## PROBLEM STATEMENT
Copy nothing but the lines below, from the one with "The player takes" through the one with "朱锦林等译 正版书籍 新华书店旗舰店文轩官网", exactly as written; no pictures should appear.

## GIVEN INFORMATION
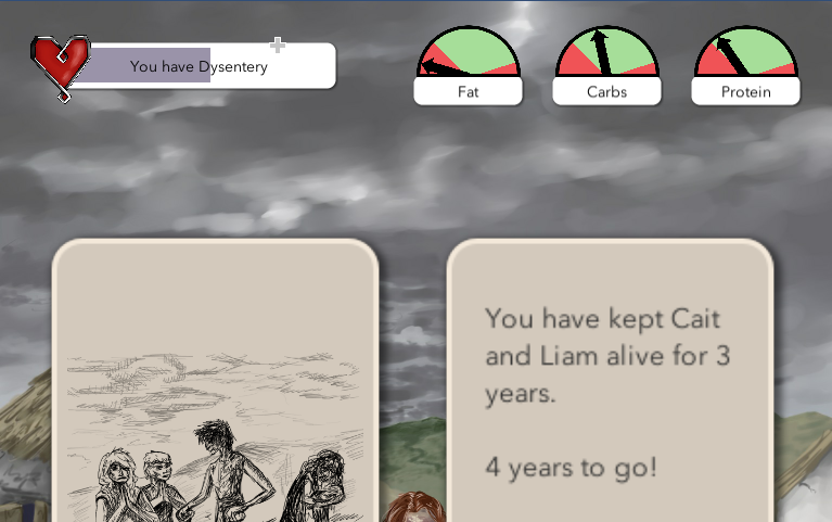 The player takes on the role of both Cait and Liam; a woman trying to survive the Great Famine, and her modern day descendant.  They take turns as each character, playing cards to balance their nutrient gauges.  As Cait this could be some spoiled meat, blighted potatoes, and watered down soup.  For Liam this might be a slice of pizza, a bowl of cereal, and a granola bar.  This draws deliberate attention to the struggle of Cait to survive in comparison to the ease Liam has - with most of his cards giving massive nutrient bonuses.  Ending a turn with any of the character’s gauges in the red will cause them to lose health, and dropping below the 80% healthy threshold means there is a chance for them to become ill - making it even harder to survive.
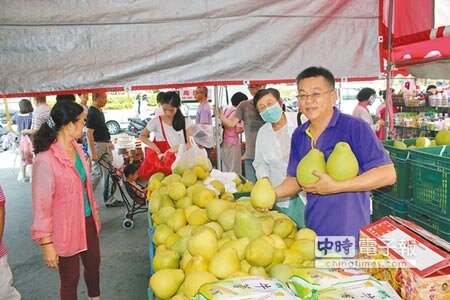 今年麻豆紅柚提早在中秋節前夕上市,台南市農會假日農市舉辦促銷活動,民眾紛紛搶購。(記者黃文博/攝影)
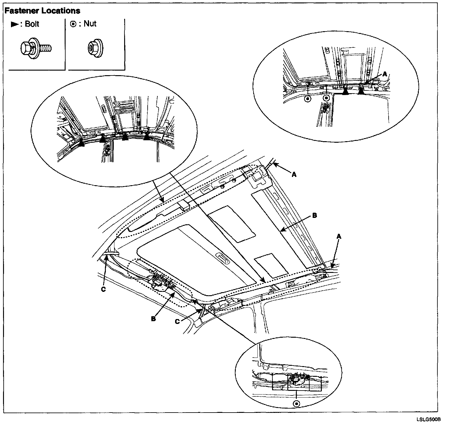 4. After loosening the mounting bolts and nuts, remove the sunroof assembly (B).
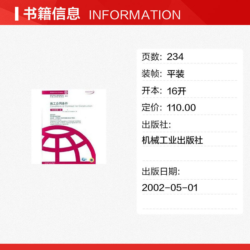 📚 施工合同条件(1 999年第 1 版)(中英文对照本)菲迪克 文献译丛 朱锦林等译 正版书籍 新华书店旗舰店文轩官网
...
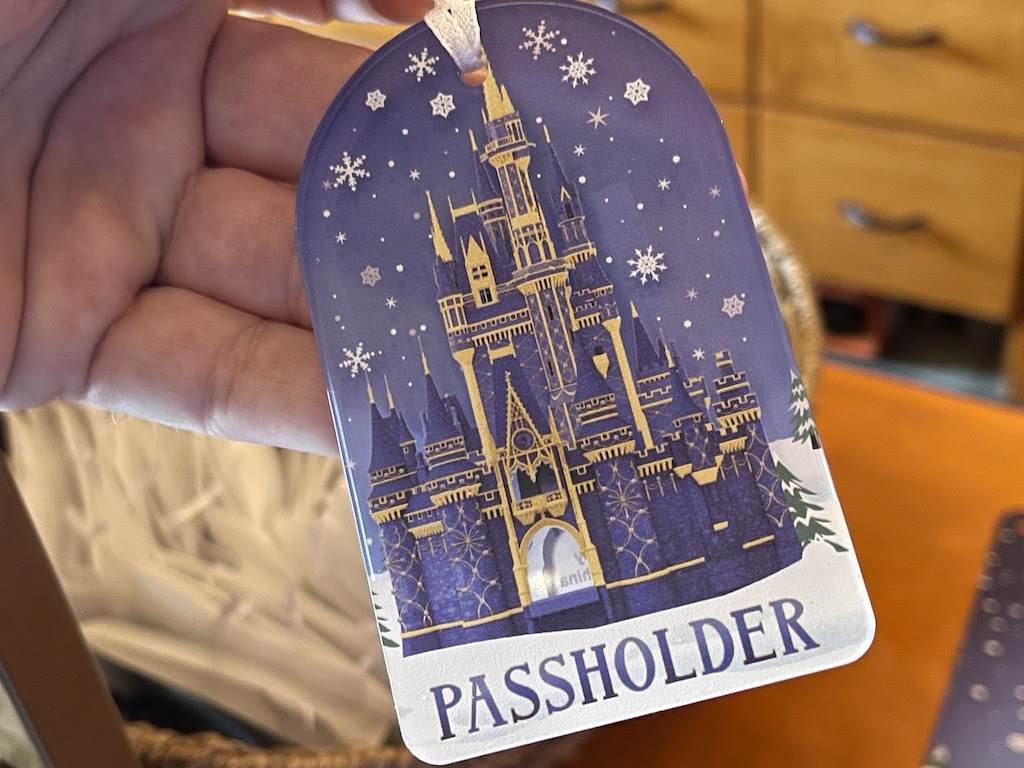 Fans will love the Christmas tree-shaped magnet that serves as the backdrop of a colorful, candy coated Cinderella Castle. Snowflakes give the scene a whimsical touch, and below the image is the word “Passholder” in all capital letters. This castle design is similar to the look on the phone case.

## RESULT OF THIS TASK
 The player takes on the role of both Cait and Liam; a woman trying to survive the Great Famine, and her modern day descendant.  They take turns as each character, playing cards to balance their nutrient gauges.  As Cait this could be some spoiled meat, blighted potatoes, and watered down soup.  For Liam this might be a slice of pizza, a bowl of cereal, and a granola bar.  This draws deliberate attention to the struggle of Cait to survive in comparison to the ease Liam has - with most of his cards giving massive nutrient bonuses.  Ending a turn with any of the character’s gauges in the red will cause them to lose health, and dropping below the 80% healthy threshold means there is a chance for them to become ill - making it even harder to survive.
 今年麻豆紅柚提早在中秋節前夕上市,台南市農會假日農市舉辦促銷活動,民眾紛紛搶購。(記者黃文博/攝影)
 4. After loosening the mounting bolts and nuts, remove the sunroof assembly (B).
 📚 施工合同条件(1 999年第 1 版)(中英文对照本)菲迪克 文献译丛 朱锦林等译 正版书籍 新华书店旗舰店文轩官网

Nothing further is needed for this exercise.